La France adapte son droit pénal

Publié le par Roger Cousin

JournalAgence France Presse publié le 13/07/2010

La France adapte son droit pénal à la CPI, vif débat sur la compétence universelle

Adolf EichmannLe Parlement a définitivement adopté mardi un texte adaptant le droit pénal français à la Cour pénale internationale (CPI) lors d'un ultime vote de l'Assemblée, marqué par un vif débat sur la "compétence universelle" qui permet de poursuivre un génocidaire résidant habituellement en France. Le projet de loi autorise les juridictions françaises à poursuivre et juger "toute personne qui réside habituellement" en France et qui se serait rendue coupable à l'étranger de l'un des crimes relevant de la CPI (génocide, crime contre l'humanité, crime de guerre...). C'est la clause dite de "compétence universelle".

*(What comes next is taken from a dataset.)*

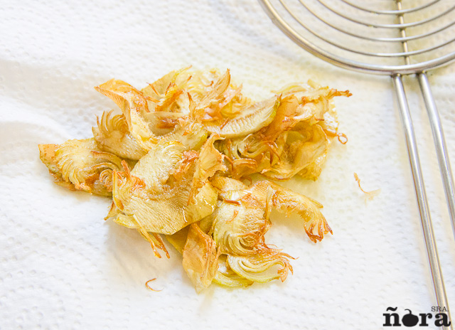 Ponemos abundante aceite en la sartén y las freímos con mucho cuidado. Cuando están crujientes las ponemos a escurrir en un colador y a continuación las pasamos a papel absorbente. Lo importante es que las alcachofas no se empapen de aceite, pues perderían la consistencia que queremos darles.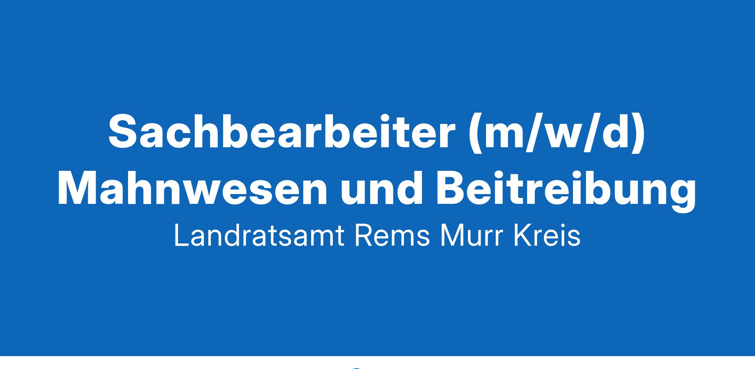 Für den Fachbereich Kasse und Mahnwesen in Waiblingen suchen wir Sie zum frühestmöglichen Zeitpunkt als Sachbearbeiter (m/w/d) Mahnwesen und Beitreibung unbefristet und befristet | bis 100 % | bis EG 8 TVöD-VKA Entscheiden auch Sie sich für unser modernes Landratsamt als Arbeitgeber. Gemeinsam engagieren wir uns für die Menschen, die hier leben. Wir arbeiten daran, unseren Landkreis noch lebenswerter zu machen. Und wir sind offen für Veränderungen und neue Themen. Bei uns können Sie an interessanten Projekten mitwirken. Prozesse mitgestalten. Individuell mitwachsen. Freuen Sie sich auf einen Arbeitsplatz mit idealen Bedingungen, die mehr als amtlich sind!MEHR BEWIRKEN KÖNNEN: mit der Durchführung von Vollstreckungsmaßnahmen (Pfändungen, Gerichtsvollzieher, etc.) mit der Durchführung von Forderungsanmeldungen im Insolvenzverfahren durch die schriftliche und mündliche Korrespondenz mit Bürgerinnen und Bürgern sowie Behörden durch die sorgfältige Aktenführung MEHR MÖGLICH MACHEN: mit Ihrer abgeschlossenen Ausbildung zum Verwaltungswirt (m/w/d), zum Verwaltungsfachangestellten (m/w/d) bzw. einer vergleichbaren rechtlich orientierten oder kaufmännischen Ausbildung mit Ihrer Berufserfahrung im Aufgabengebiet (wünschenswert) mit Ihren guten Kenntnissen in der Handhabung von MS-Standard-Software mit Ihren guten Kenntnissen mit ENAIO (wünschenswert) mit Ihrem guten schriftlichen und mündlichen Ausdrucksvermögen mit Ihrer selbständigen und strukturierten Arbeitsweise mit Ihrem hohen Maß an Organisationsfähigkeit mit Ihrem hohen Maß an Verantwortungsbewusstsein, Zuverlässigkeit und Ihrer hohen Leistungsbereitschaft mit Ihrer ausgeprägten Teamfähigkeit und Kundenorientierung Diese Position ist in Teilzeit im Fachbereich Kasse und Mahnwesen im Amt für Finanzen in Waiblingen zu besetzen. Freuen Sie sich auf eine Anstellung im Beschäftigtenverhältnis bei Vorliegen der tariflichen und persönlichen Voraussetzungen mit einer Vergütung bis Entgeltgruppe 8 des Tarifvertrages für den öffentlichen Dienst (TVöD-VKA). Die Stellen sind befristet mit 75 % als Elternzeitvertretung bis voraussichtlich 31. März 2026 zu besetzen sowie weitere 80 % ab 01.07.2025 unbefristet. Der Entgeltrahmen bei Beschäftigten liegt zwischen 42.150 und 51.320 Euro brutto jährlich (Vollzeit). Wir setzen uns für die Chancengleichheit im Beruf ein und ermuntern Menschen jeglicher Herkunft, mit anerkannter Behinderung sowie jeden Geschlechts, sich zu bewerben.MEHR ALS AMTLICHE VORTEILE: vielfältige und abwechslungsreiche Tätigkeiten moderne Arbeitsstrukturen Betreuungsangebote für Kinder unter drei Jahren E-Learning-Plattform für alle Mitarbeitende gute ÖPNV-Anbindung an allen Standorten MEHR FRAGEN BEANTWORTET IHNEN GERNE:Herr Alexander Schelling

A la demande du gouvernement, l'Assemblée a adopté le texte dans les mêmes termes que le Sénat, qui s'était prononcé à l'unanimité en mai 2008 (la création de la CPI date de la Convention de Rome de 1998). Mais l'unanimité n'a pas été de mise à l'Assemblée, où la gauche a voté contre, pour protester contre les restrictions apportées à l'exercice de la "compétence universelle". D'après l'opposition et même certains députés de la majorité, cette "compétence universelle" des tribunaux français est trop encadrée, notamment par la condition de "résidence habituelle en France" du criminel présumé.

Des éléments d'actualité ont nourri un débat parfois tendu. Jean-Paul Lecoq (PCF) a ainsi accusé Claude Goasguen (UMP) d'avoir voulu "protéger Ehud Olmert d'avoir fait à Gaza des crimes de guerre". Référence à l'opération israélienne dans la bande de Gaza en janvier 2009 quand M. Olmert était Premier ministre sortant. "Si on applique le rapport Goldstone", les dirigeants israéliens de passage en France risquent d'être "bloqués par un tribunal à compétence universelle à qui l'on aurait donné la compétence de juger un ministre israélien", avait déclaré M. Goasguen, président du groupe d'amitié France-Israël.

La gauche et une partie de la majorité voulaient remplacer la condition de "résidence habituelle" en France par celle de simple présence sur le territoire. Avec la notion de "résidence habituelle", le chasseur de nazis "Simon Wiesenthal n'aurait pas pu arrêter Adolf Eichmann s'il avait été de passage en France", s'est emporté le villepiniste Jean-Pierre Grand (UMP). M. Goasguen lui a rappelé que "Simon Wiesenthal a enlevé M. Eichmann contre toutes les lois internationales en Argentine" en 1961.

Yanick Paternotte (UMP) a tenté en vain un compromis en remplaçant le mot "habituellement" par "temporairement". Le maire de Sannois (Val-d'Oise) est directement concerné: le médecin rwandais Eugène Rwamucyo, visé par un avis de recherche d'Interpol pour son implication présumée dans le génocide des tutsis en 1994, a été interpellé fin mai dans sa commune. La gauche et M. Grand ont aussi demandé en vain l'imprescriptibilité des crimes de guerre. Gouvernement et majorité ont maintenu cette notion exceptionnelle d'imprescriptibilité en droit français pour distinguer les seuls crimes contre l'humanité.